** Opening INFORMATION block **

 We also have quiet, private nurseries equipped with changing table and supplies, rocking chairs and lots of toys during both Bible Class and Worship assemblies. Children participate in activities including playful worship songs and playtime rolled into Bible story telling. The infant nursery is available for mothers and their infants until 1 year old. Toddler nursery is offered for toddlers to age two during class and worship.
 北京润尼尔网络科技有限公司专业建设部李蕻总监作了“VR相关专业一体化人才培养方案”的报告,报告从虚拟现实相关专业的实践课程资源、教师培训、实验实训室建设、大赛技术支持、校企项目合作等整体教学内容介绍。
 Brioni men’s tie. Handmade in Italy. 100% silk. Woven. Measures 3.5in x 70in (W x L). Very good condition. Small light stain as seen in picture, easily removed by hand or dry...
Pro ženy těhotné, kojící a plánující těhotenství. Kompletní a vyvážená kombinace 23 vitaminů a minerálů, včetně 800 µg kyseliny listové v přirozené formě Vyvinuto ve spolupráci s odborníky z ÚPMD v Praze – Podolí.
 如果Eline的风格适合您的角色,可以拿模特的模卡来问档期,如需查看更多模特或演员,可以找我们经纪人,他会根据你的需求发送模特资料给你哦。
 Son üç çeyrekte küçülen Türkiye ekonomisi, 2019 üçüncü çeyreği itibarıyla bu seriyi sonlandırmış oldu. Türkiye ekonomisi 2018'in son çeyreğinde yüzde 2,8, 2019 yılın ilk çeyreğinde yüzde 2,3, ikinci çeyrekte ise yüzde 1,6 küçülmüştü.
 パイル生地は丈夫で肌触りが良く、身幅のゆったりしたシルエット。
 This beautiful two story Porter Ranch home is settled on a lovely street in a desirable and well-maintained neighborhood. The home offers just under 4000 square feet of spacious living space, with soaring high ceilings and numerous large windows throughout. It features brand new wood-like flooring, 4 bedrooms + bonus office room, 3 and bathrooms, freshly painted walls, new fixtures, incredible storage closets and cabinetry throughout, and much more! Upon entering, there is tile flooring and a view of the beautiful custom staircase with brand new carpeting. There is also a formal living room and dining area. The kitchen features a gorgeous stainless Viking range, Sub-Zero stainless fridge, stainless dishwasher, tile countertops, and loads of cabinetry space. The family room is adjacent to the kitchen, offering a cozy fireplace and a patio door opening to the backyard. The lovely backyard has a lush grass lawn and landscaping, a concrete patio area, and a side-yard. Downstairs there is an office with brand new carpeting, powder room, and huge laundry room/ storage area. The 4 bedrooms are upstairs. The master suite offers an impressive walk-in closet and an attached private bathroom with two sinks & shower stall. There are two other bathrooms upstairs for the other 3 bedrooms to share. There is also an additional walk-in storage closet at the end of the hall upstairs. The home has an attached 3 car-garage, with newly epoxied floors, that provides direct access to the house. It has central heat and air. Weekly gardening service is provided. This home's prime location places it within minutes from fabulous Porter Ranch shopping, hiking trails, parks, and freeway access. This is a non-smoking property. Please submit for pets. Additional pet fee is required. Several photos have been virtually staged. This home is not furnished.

** Closing INFORMATION block **

WHAT THE TASK ASKS
Each line shown above needs to be transcribed exactly.

RESPONSE TO THIS EXERCISE
 We also have quiet, private nurseries equipped with changing table and supplies, rocking chairs and lots of toys during both Bible Class and Worship assemblies. Children participate in activities including playful worship songs and playtime rolled into Bible story telling. The infant nursery is available for mothers and their infants until 1 year old. Toddler nursery is offered for toddlers to age two during class and worship.
 北京润尼尔网络科技有限公司专业建设部李蕻总监作了“VR相关专业一体化人才培养方案”的报告,报告从虚拟现实相关专业的实践课程资源、教师培训、实验实训室建设、大赛技术支持、校企项目合作等整体教学内容介绍。
 Brioni men’s tie. Handmade in Italy. 100% silk. Woven. Measures 3.5in x 70in (W x L). Very good condition. Small light stain as seen in picture, easily removed by hand or dry...
Pro ženy těhotné, kojící a plánující těhotenství. Kompletní a vyvážená kombinace 23 vitaminů a minerálů, včetně 800 µg kyseliny listové v přirozené formě Vyvinuto ve spolupráci s odborníky z ÚPMD v Praze – Podolí.
 如果Eline的风格适合您的角色,可以拿模特的模卡来问档期,如需查看更多模特或演员,可以找我们经纪人,他会根据你的需求发送模特资料给你哦。
 Son üç çeyrekte küçülen Türkiye ekonomisi, 2019 üçüncü çeyreği itibarıyla bu seriyi sonlandırmış oldu. Türkiye ekonomisi 2018'in son çeyreğinde yüzde 2,8, 2019 yılın ilk çeyreğinde yüzde 2,3, ikinci çeyrekte ise yüzde 1,6 küçülmüştü.
 パイル生地は丈夫で肌触りが良く、身幅のゆったりしたシルエット。
 This beautiful two story Porter Ranch home is settled on a lovely street in a desirable and well-maintained neighborhood. The home offers just under 4000 square feet of spacious living space, with soaring high ceilings and numerous large windows throughout. It features brand new wood-like flooring, 4 bedrooms + bonus office room, 3 and bathrooms, freshly painted walls, new fixtures, incredible storage closets and cabinetry throughout, and much more! Upon entering, there is tile flooring and a view of the beautiful custom staircase with brand new carpeting. There is also a formal living room and dining area. The kitchen features a gorgeous stainless Viking range, Sub-Zero stainless fridge, stainless dishwasher, tile countertops, and loads of cabinetry space. The family room is adjacent to the kitchen, offering a cozy fireplace and a patio door opening to the backyard. The lovely backyard has a lush grass lawn and landscaping, a concrete patio area, and a side-yard. Downstairs there is an office with brand new carpeting, powder room, and huge laundry room/ storage area. The 4 bedrooms are upstairs. The master suite offers an impressive walk-in closet and an attached private bathroom with two sinks & shower stall. There are two other bathrooms upstairs for the other 3 bedrooms to share. There is also an additional walk-in storage closet at the end of the hall upstairs. The home has an attached 3 car-garage, with newly epoxied floors, that provides direct access to the house. It has central heat and air. Weekly gardening service is provided. This home's prime location places it within minutes from fabulous Porter Ranch shopping, hiking trails, parks, and freeway access. This is a non-smoking property. Please submit for pets. Additional pet fee is required. Several photos have been virtually staged. This home is not furnished.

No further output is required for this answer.